Notably, the Division does not explain what use it intends to make of its “different distribution channel” fee comparisons as part of its focus on “boards’ approval of the advisory contract and [fund] fees.” While the stated priorities are couched in terms of fund policies and procedures, it bears watching whether the Division may in fact attempt to regulate the substance of fund fees through examination deficiencies it will purport to find in “boards’ processes for assessing and approving advisory and other fund fees.”

Federal Court Rejects Activist’s Challenge to Closed-End Funds’ Forum Selection Bylaws

A September 26, 2023 decision by the U.S. District Court for the Southern District of New York addressed the validity, under Maryland law, of closed-end funds’ forum selection bylaw clauses.2 Judge Jed Rakoff presided over the matter and authored the court’s opinion.

Background. An activist investor (“Saba”) filed a suit against 16 closed-end funds organized under Maryland law – 13 of which are corporations and three of which are statutory trusts – alleging that the 16 funds each had adopted a bylaw resolution (opting in to the Maryland control share statute) that violates the “one share, one vote” requirement under Section 18(i) of the 1940 Act. The funds filed a motion to dismiss the complaint because of forum selection clauses in 14 of the funds’ bylaws, which the funds argued required the suit to be brought in a Maryland state or federal court.
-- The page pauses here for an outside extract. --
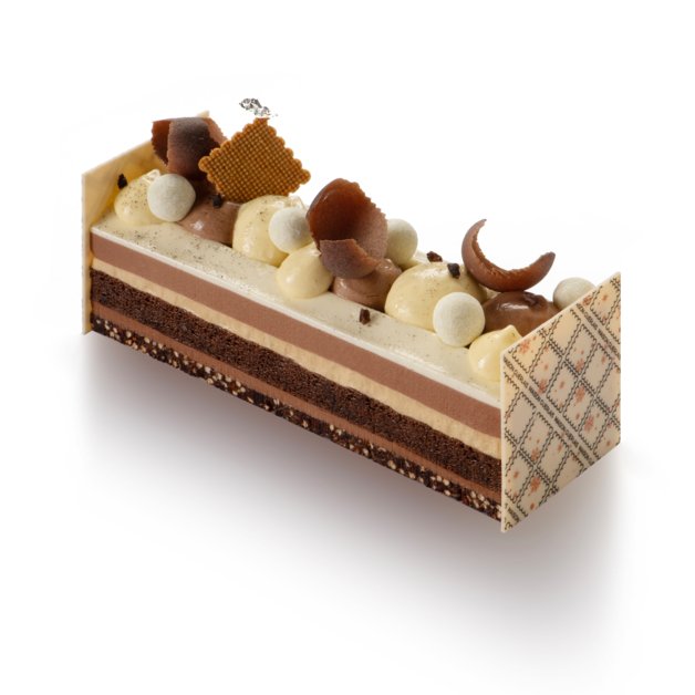 Ingrédients : CREME (Crème de LAIT, stabilisant : carraghénanes (extrait d’algues marines)), Chocolat noir, Chocolat au LAIT, Beurre de cacao, Poudre de cacao et Pâte de cacao (Fèves de cacao, sucre, beurre de cacao, émulsifiant : lécithine de tournesol, extrait naturel de vanille, poudre de LAIT), OEUFS, Sucre, Eau, BEURRE, LAIT, Mascarpone (crème de LAIT, LAIT, correcteur d'acidité : acide citrique), NOISETTES, Farine de BLÉ, AMANDES, Sucre muscovado , Poudre de LAIT, Quinoa soufflé, Biscuit finement émietté (farine de BLE, sucre, BEURRE, LACTOSE, protéines deLAIT, sel, extrait de malt : ORGE, poudre à lever : E500ii), Gélatine de boeuf, Gousse de vanille, Fleur de sel, Dextrose monohydraté, Pectine, Épaississant : Gomme de xanthane

The Ruling. Judge Rakoff rejected Saba’s argument that Maryland’s corporate statutes do not permit corporations to adopt forum selection bylaws for claims under the federal securities laws. The corporate statute provides that the “charter or bylaws of a corporation may require . . . that any internal corporate claim be brought only in courts sitting in one or more specified jurisdictions” (and the relevant Maryland statute for statutory trusts is far broader).3 In addition, a different Maryland corporate statute allows bylaws to “contain any provisions not inconsistent with law or the charter of the corporation for the regulation and management of the affairs of the corporation.” Finding no Maryland caselaw construing the interplay of these two Maryland corporate statutes, Judge Rakoff relied on similar provisions under Delaware law, as interpreted by the Supreme Court of Delaware. He noted that:

  • In 2020, the Supreme Court of Delaware addressed the interplay of two provisions in Delaware’s corporate code similar to the Maryland statutes.4 The Delaware court held that the broader Delaware statute permitting any “provisions . . . not contrary to the laws of this State” allows corporate bylaws to include forum selection clauses even for federal claims, notwithstanding that the more specific Delaware statute regarding forum selection clauses (like Maryland’s statute) mentions “internal corporate claims.” Thus, the court held, for internal corporate claims, bylaws may require a Delaware forum. For other claims, the broader statute controls.
  • The Supreme Court of Delaware had rejected the same argument that Saba was making in the case at bar – that because the statute speaking to forum selection clauses specifically mentions “internal corporate claims,” permissible corporate forum selection bylaws are limited to that type of claim.
  • Saba had (i) acknowledged that “Maryland’s law follows the model, set by the Delaware legislature . . . of codifying a corporation’s ability to require (via a forum selection clause) an internal corporate claim to be decided in the state of incorporation,” and (ii) cited the Delaware decision in its brief “to elucidate the meaning of [the Maryland statute that mentions internal corporate claims]” and stated that “the Maryland legislature enacted a virtually identical provision to Delaware’s.”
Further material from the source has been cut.